Abstract 674P
Background
In recent years, NGHT initially approved for metastatic castration resistant PC (mCRPC) have also shown efficacy in non-metastatic CRPC (nmCRPC) and in hormone sensitive PC (HSPC). An earlier use and a longer duration of NGHT, added up to androgen deprivation therapy, requires evaluation of the impact on patient-reported outcomes (PROs), and particularly on CogF. Aim of this systematic review is to focus on the evidence about CogF in all randomized trials (RCTs) testing NGHT in patients (pts) with PC.
Methods
All RCTs testing abiraterone acetate (Abi), enzalutamide (Enz), apalutamide (Apa), darolutamide (Dar) were searched in Pubmed and major meetings. For each RCT, we assessed (i) availability of investigator-assessed cognitive impairment and disorders; (ii) availability of PRO-based evaluation of CogF.
Results
17 RCTs (17300 pts, 9793 assigned to NGHT) were included in the analysis (Table). Investigator-based evaluation of the incidence of cognitive impairment was available in 7 RCTs (41.2%): 1 mCRPC, 3 nmCRPC, 3 HSPC (Table). 17 / 17 RCTs (100%) included PROs collection, but PRO tools adopted allowed evaluation of CogF in 2 RCTs (11.8%). Among them, PRO-based CogF results were presented only in 1 RCT (5.9%) (Table): in ENZAMET, testing Enz in HSPC, mean changes were worse with Enz (p<0.0001), but deterioration-free survival favored Enz vs placebo (p=0.0003). Table: 674P
| Comparison | RCTs | Cog impairment (Investigator-assessed) | Cog function (PRO-based) | ||
| N | Toxicity (any grade) | N | Main results | ||
| Abi vs Ctrl | 5 | 1 | STAMPEDE: Cog imp. 6.4% vs 3.8% | 0 | - |
| Enz vs Ctrl | 7 | 3 | PROSPER: Cog / memory imp. 5% vs 2% ARCHES: Cog / memory imp. 4.5% vs 2.1% ENZAMET: Cog dist. 2.8% vs 0.5%; concentration imp. 5.3% vs 1.1%; memory imp. 14.6% vs 3.6%. | 1 | ENZAMET: mean changes worse for Enz (p<0.0001); deterioration-free survival better for Enz (3-yr 33% vs 21%, p=0.0003) |
| Apa vs Ctrl | 2 | 1 | SPARTAN: mental imp. 5.1% vs 3.0% | 0 | - |
| Dar vs Ctrl | 1 | 1 | ARAMIS: Cog disorders 0.4% vs 0.2%; memory imp. 0.5% vs 1.3% | 0 | - |
| Cabazitaxel vs Abi / Enz | 1 | 0 | - | 0 | - |
| Abi vs Enz | 1 | 1 | NCT02125357: Montreal <26 at week 12: 47% vs 54% | 0 | - |
| TOTAL | 17 | 7 (41.2%) | 1 (5.9%) |
Conclusions
Clinical development of NGHT has not included a systematic evaluation of CogF. Assessment by investigators is at risk of underreporting, but cognitive deterioration could be clinically relevant, at least in a proportion of pts. Commonly used PROs do not allow (FACT-P) or allow only partially (EORTC C30) CogF analysis. Furthermore, methodology of analysis can jeopardize interpretation of CogF results. Although direct comparisons are scanty, there could be differences between different NGTH.

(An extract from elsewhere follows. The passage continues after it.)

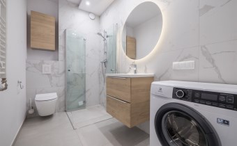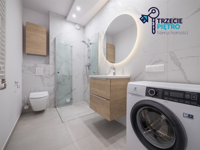 W łazience glazura, kabina prysznicowa wraz z deszczownicą, pralka, WC, pełna zabudowa meblowa.
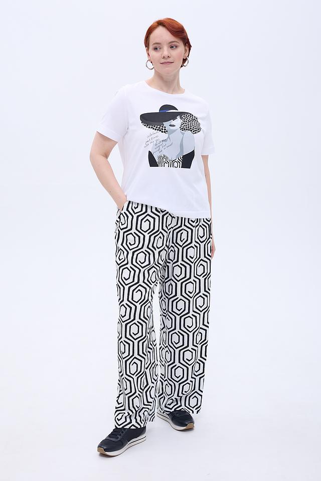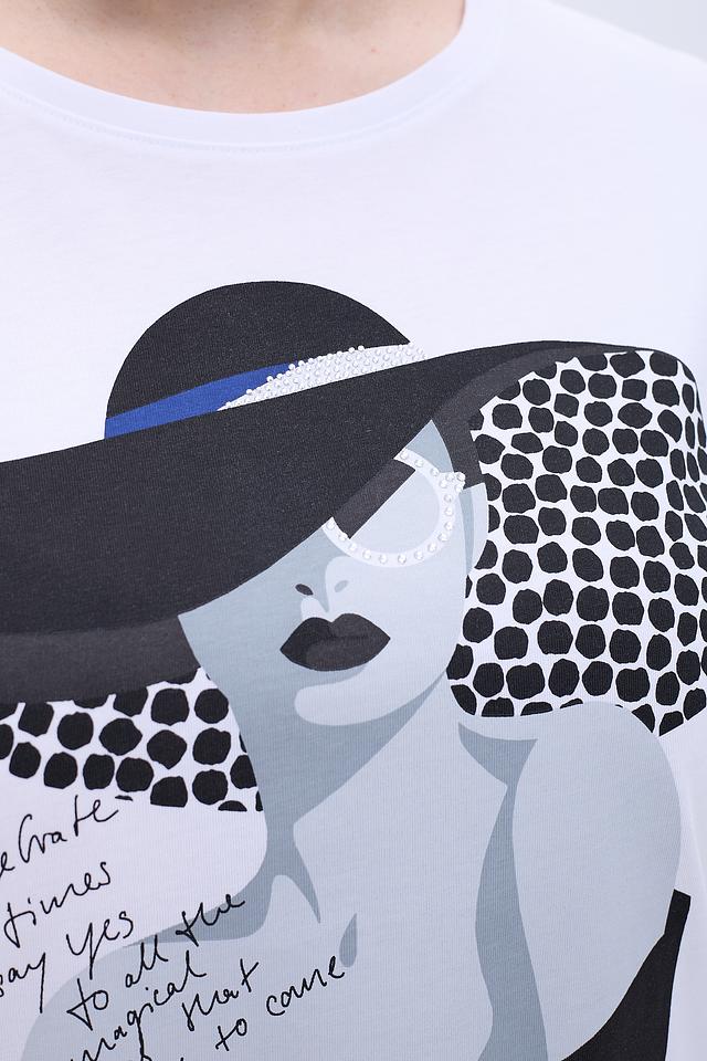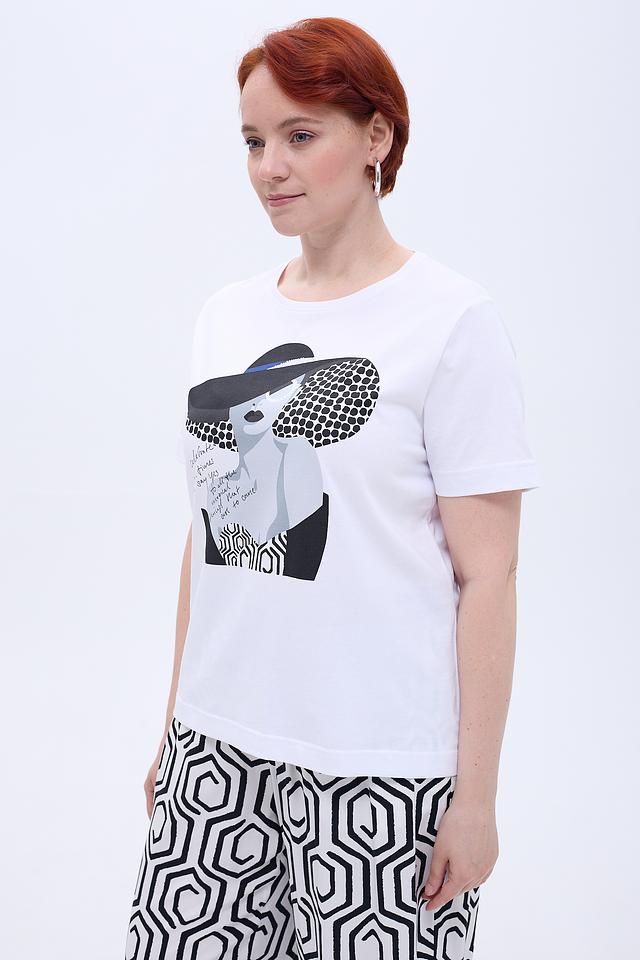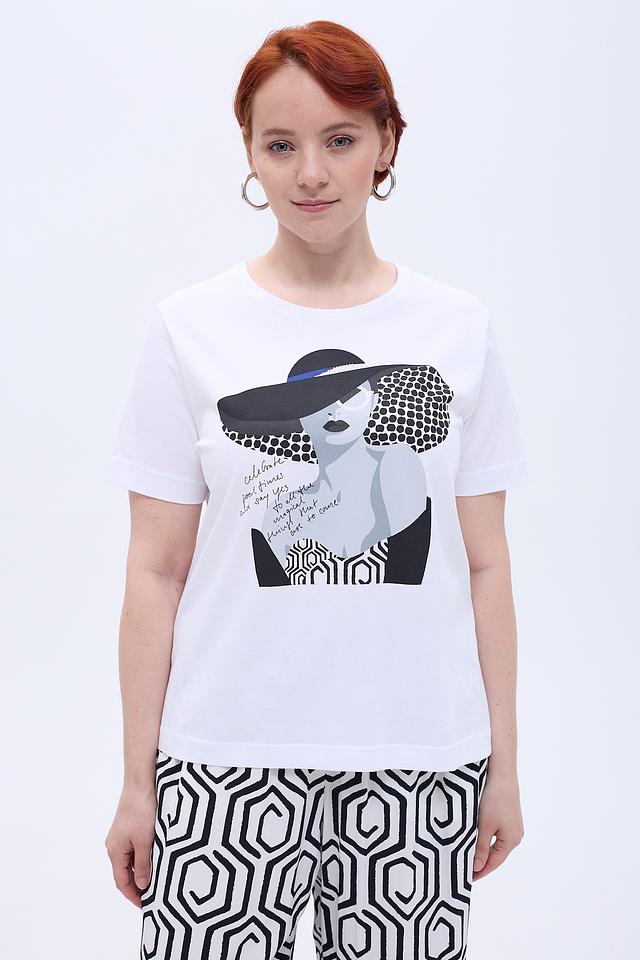 Белая футболка Gerry Weber с оригинальным графичным принтом в виде изображения женщины в шляпе. Изготовлена из 100% хлопка, обеспечивающего комфорт в носке. Идеально сочетается с юбками и брюками. Состав: хлопок 100%

Clinical trial identification
Editorial acknowledgement
Legal entity responsible for the study
The authors.
Funding
Has not received any funding.
Disclosure
L. Marandino: Travel/Accommodation/Expenses: Sanofi. C. Buttigliero: Honoraria (self), Advisory/Consultancy: Janssen. M. Di Maio: Research grant/Funding (institution): Tesaro GSK; Honoraria (self), Advisory/Consultancy: AstraZeneca; Honoraria (self), Advisory/Consultancy: Pfizer; Honoraria (self), Advisory/Consultancy: Janssen; Honoraria (self), Advisory/Consultancy: Astellas; Honoraria (self), Advisory/Consultancy: Eisai; Honoraria (self), Advisory/Consultancy: Merck Sharp & Dohme; Honoraria (self), Advisory/Consultancy: Takeda. All other authors have declared no conflicts of interest.